Question

A plane takes off and travels at an angle of 40° north of east at 110mph for 2 hours. It then adjusts its path to head 10° west of north and travels in that direction for half an hour at a speed of 100mph. Approximately how far away is the plane from its starting point?

Answer 1

Answer: 248.80 miles ( Approx)

Explanation:

Let A shows the initial position of the plane, B shows the position of plan after traveling at an angle of 40° north of east at 110 mph for 2 hours and C represents the final position of plan.

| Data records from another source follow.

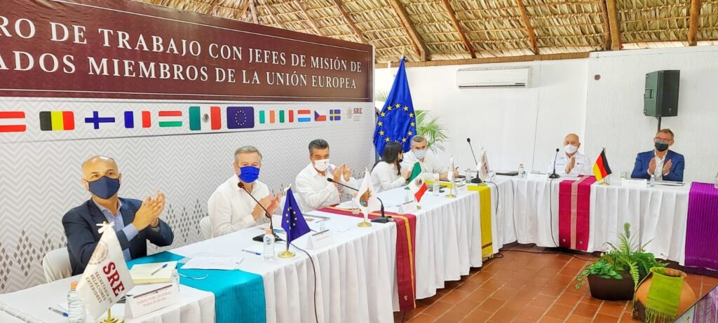 •El gobernador y el embajador Gautier Mignout encabezaron el Encuentro de Trabajo con Jefes de Misión de los Estados Miembros de la UE, luego de varios años de no realizar un evento de este tipo en México
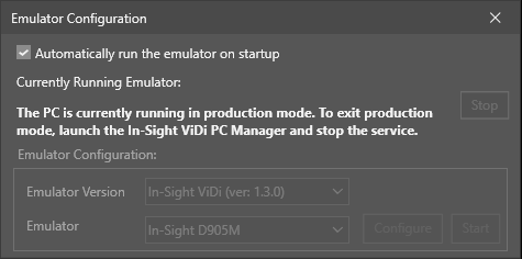 You cannot start the configured emulator if the In-Sight ViDi PC service is running on your PC in production mode. In such cases, In-Sight Vision Suite disables all buttons and drop-down lists of the Emulator Configuration and the In-Sight ViDi 1.2.0 Emulator Configurator windows, and shows the following status message:
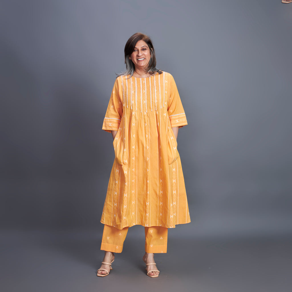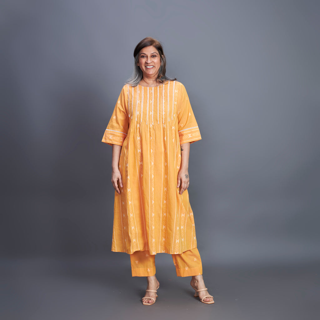 AAROHI Pin Tucked Tunic Set - Marigold
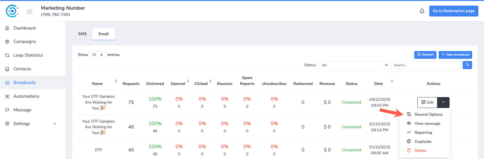 Find the broadcast email you want to resend. Click on the dropdown arrow next to it and select Resend Options.
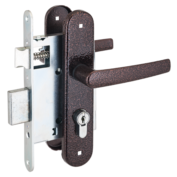 Замок врезной с ручками, цилиндровый. Предназначен для установки в деревянные двери толщиной 40-50мм, правого и левого открывания. Стальной оцинкованный корпус. Прямоугольный ригель из цинкового сплава, вылет 22мм. Межосевое расстояние 55мм. Удаление ключевого отверстия 55мм. Габаритный размер 85х130 мм. Ручки - алюминиевый сплав, покрытие - краска, без пружины, крепление - стяжками. Комплектуется цилиндровым механизмом 70мм с 4 ключами.Наличие
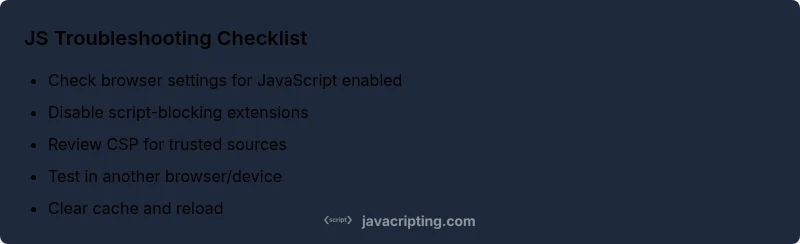 To confirm whether javascript is enabled, start with simple checks: load a page that you know runs JS, open the browser's developer console (F12), and look for errors. Disable extensions temporarily and reload the page to see if behavior returns. Try another browser or device to determine if the issue is local to one environment. If you see CSP or blocked script messages in the console, the policy is likely the root cause. Keep a checklist handy so you can compare results across tests.

Then According to the question,

`AB = 220` miles ( because plane traveled for 2 hours with the speed of 110 mph)

`BC = 50` miles ( Because plane traveled for 1/2 hour with the speed of 50 mph)

Now,
`m\angle ABC = 40^(\circ)+80^(\circ)=120^(\circ)` ( shown on diagram)

Thus, By cosine law,

`AC^2 = AB^2 + BC^2 - 2AB. BC cos (120^(\circ) )`

`AC^2 = 220^2 +50^2 - 2* 220* 50* cos (120^(\circ) )`

`AC^2 = 61900`

`AC=248.797106092 \approx 248.80`

Thus, the plane is 248.80 miles from its starting point.